A Picture of Failed Strategy: Kodak's Digital Failure

This week I learned about key features that can cause a company’s strategy to succeed or fail. David Collis and Michael Rukstad’s 2008 article in the Harvard Business Review stressed the necessity for a simple and concise strategy statement centered on the company’s scope and competitive advantage. A Deloitte University Press publication titled Dynamic Strategy Implementation: Delivering on your Strategy Ambition, written by Dunlap, Firth, and Lurie outlined ways to avoid common mistakes in strategy implementation. This led me to do a simple online search for failed strategies. It did not take long for me to find that Kodak was the most recent offender of a strategy that failed to adapt to consumer trends and technology advancements (even though the technology was created in their labs). 
I found an article published on in January of 2012 by Chunka Mui titled, How Kodak Failed.
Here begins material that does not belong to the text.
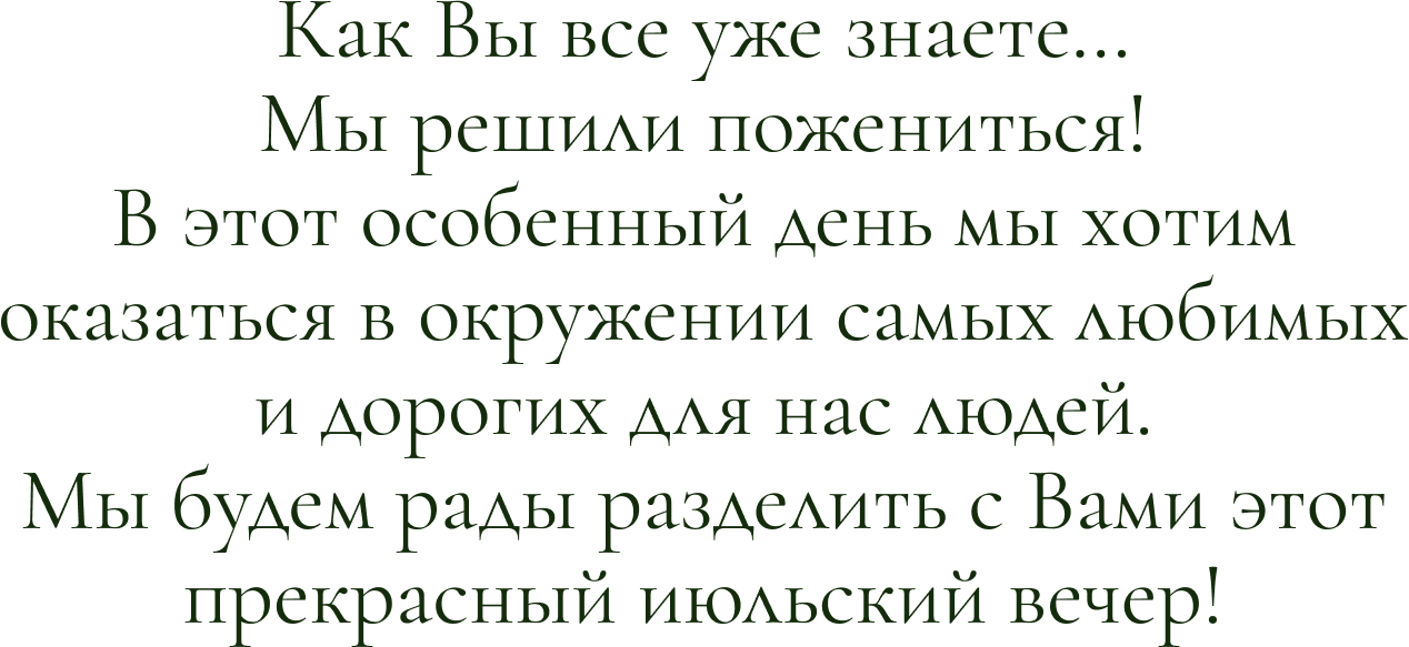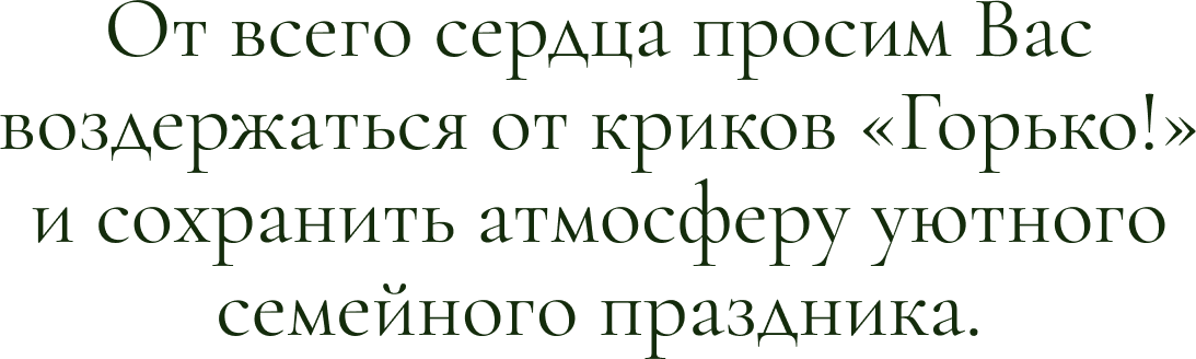 [{"lid":"1709846659479","ls":"10","loff":"","li_type":"in","li_title":"\u0412\u0430\u0448\u0435 \u0418\u043c\u044f \u0438 \u0424\u0430\u043c\u0438\u043b\u0438\u044f ","li_ph":"\u0418\u0432\u0430\u043d \u0418\u0432\u0430\u043d\u043e\u0432, \u041c\u0430\u0440\u0438\u044f \u0418\u0432\u0430\u043d\u043e\u0432\u0430","li_req":"y","li_nm":"\u0412\u0430\u0448\u0435 \u0418\u043c\u044f \u0438 \u0424\u0430\u043c\u0438\u043b\u0438\u044f "},{"lid":"1709846659480","ls":"20","loff":"","li_type":"rd","li_title":"\u041f\u043b\u0430\u043d\u0438\u0440\u0443\u0435\u0442\u0435 \u043b\u0438 \u0412\u044b \u043f\u0440\u0438\u0441\u0443\u0442\u0441\u0442\u0432\u043e\u0432\u0430\u0442\u044c \u043d\u0430 \u0441\u0432\u0430\u0434\u044c\u0431\u0435?","li_req":"y","li_variants":"\u0414\u0430, \u0441 \u0443\u0434\u043e\u0432\u043e\u043b\u044c\u0441\u0442\u0432\u0438\u0435\u043c!\n\u041a \u0441\u043e\u0436\u0430\u043b\u0435\u043d\u0438\u044e, \u043d\u0435 \u0441\u043c\u043e\u0433\u0443","li_radcb":"rb","li_nm":"\u041f\u043b\u0430\u043d\u0438\u0440\u0443\u0435\u0442\u0435 \u043b\u0438 \u0412\u044b \u043f\u0440\u0438\u0441\u0443\u0442\u0441\u0442\u0432\u043e\u0432\u0430\u0442\u044c \u043d\u0430 \u0441\u0432\u0430\u0434\u044c\u0431\u0435"}]

In the article, Mui described Kodak’s “staggering corporate blunder” of failing to recognize the threat digital photography posed to the film and photo industry. According to Mui’s article, the digital camera was first developed by a Kodak engineer in 1975. For decades, Kodak failed to recognize digital photography as a disruptive technology capable of replacing their established film-based dominance.
In 1981, Kodak conducted a study to determine how digital photography would affect the Kodak’s film business. After the report, Kodak concluded that the digital technology was still about ten years away from making a significant impact to the film industry. But in the following ten years, Kodak failed to adjust their strategy for the market disruption. Over the next decade, Kodak continued to regard digital technology as the enemy, rather than an opportunity to enter an emerging market.  
Vincent Barabba, who was an executive at Kodak, recently published a book titled, The Decision Loom, where he outlines four interrelated capabilities that are necessary for effective enterprise-wide decision making.  No doubt, his experiences at Kodak help him formulate the capabilities. Barabba explained that a corporation needs to have an enterprise mindset that is open to change. Kodak failed to accept digital technology as an emerging market which left them far behind the digital curve. Furthermore, they failed to see digital technology as a film replacement.

Failure to adapt strategy to change was the second point discussed in Dunlop, Firth, and Lurie’s Deloitte article. Had Kodak used or paid attention to market research, they would have been able to set a strategy that counterbalanced the loss of market share to digital photos, or at the very least, a strategy to integrate the new technology into their current strategy. 

1 comment:

  1. John, you may find this interesting. Another film maker Fujifilm chose to apply its chemical technology to healthcare and cosmetics area. Fujifilm once entered digital camera market but it was not so successful because digital image processing is quite different from analog photo development. So instead of staying in photographic industry, Fujifilm chose to use its nanotechnology to cosmetics. Maybe they did the coherence test and figured out that Fujifilm is a nanotechnology company rather than a photographic company.